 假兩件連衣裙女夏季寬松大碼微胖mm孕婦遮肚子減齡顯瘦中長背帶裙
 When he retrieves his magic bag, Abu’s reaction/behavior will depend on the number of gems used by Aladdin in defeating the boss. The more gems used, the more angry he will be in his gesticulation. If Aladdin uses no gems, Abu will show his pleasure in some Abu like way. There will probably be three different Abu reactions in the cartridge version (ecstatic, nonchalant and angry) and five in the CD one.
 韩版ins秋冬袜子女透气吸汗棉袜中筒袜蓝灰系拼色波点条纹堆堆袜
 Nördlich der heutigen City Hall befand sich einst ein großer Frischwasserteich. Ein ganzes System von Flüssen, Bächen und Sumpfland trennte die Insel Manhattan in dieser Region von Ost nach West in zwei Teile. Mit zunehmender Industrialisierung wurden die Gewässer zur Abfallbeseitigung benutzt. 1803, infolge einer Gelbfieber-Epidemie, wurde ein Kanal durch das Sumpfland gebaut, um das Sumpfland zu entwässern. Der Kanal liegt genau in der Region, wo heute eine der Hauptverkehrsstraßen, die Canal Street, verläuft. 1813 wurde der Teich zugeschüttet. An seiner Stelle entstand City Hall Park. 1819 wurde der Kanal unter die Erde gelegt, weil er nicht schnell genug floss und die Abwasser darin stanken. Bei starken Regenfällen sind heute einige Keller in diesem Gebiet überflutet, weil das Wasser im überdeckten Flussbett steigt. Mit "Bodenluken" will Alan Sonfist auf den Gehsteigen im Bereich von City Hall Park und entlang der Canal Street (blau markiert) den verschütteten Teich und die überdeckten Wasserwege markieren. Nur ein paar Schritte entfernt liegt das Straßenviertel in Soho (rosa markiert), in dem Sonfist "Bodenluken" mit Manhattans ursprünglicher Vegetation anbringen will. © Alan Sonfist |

◇ ◇ ◇ ◇ ◇

Everything in the listing above should be restated exactly.

 假兩件連衣裙女夏季寬松大碼微胖mm孕婦遮肚子減齡顯瘦中長背帶裙
 When he retrieves his magic bag, Abu’s reaction/behavior will depend on the number of gems used by Aladdin in defeating the boss. The more gems used, the more angry he will be in his gesticulation. If Aladdin uses no gems, Abu will show his pleasure in some Abu like way. There will probably be three different Abu reactions in the cartridge version (ecstatic, nonchalant and angry) and five in the CD one.
 韩版ins秋冬袜子女透气吸汗棉袜中筒袜蓝灰系拼色波点条纹堆堆袜
 Nördlich der heutigen City Hall befand sich einst ein großer Frischwasserteich. Ein ganzes System von Flüssen, Bächen und Sumpfland trennte die Insel Manhattan in dieser Region von Ost nach West in zwei Teile. Mit zunehmender Industrialisierung wurden die Gewässer zur Abfallbeseitigung benutzt. 1803, infolge einer Gelbfieber-Epidemie, wurde ein Kanal durch das Sumpfland gebaut, um das Sumpfland zu entwässern. Der Kanal liegt genau in der Region, wo heute eine der Hauptverkehrsstraßen, die Canal Street, verläuft. 1813 wurde der Teich zugeschüttet. An seiner Stelle entstand City Hall Park. 1819 wurde der Kanal unter die Erde gelegt, weil er nicht schnell genug floss und die Abwasser darin stanken. Bei starken Regenfällen sind heute einige Keller in diesem Gebiet überflutet, weil das Wasser im überdeckten Flussbett steigt. Mit "Bodenluken" will Alan Sonfist auf den Gehsteigen im Bereich von City Hall Park und entlang der Canal Street (blau markiert) den verschütteten Teich und die überdeckten Wasserwege markieren. Nur ein paar Schritte entfernt liegt das Straßenviertel in Soho (rosa markiert), in dem Sonfist "Bodenluken" mit Manhattans ursprünglicher Vegetation anbringen will. © Alan Sonfist |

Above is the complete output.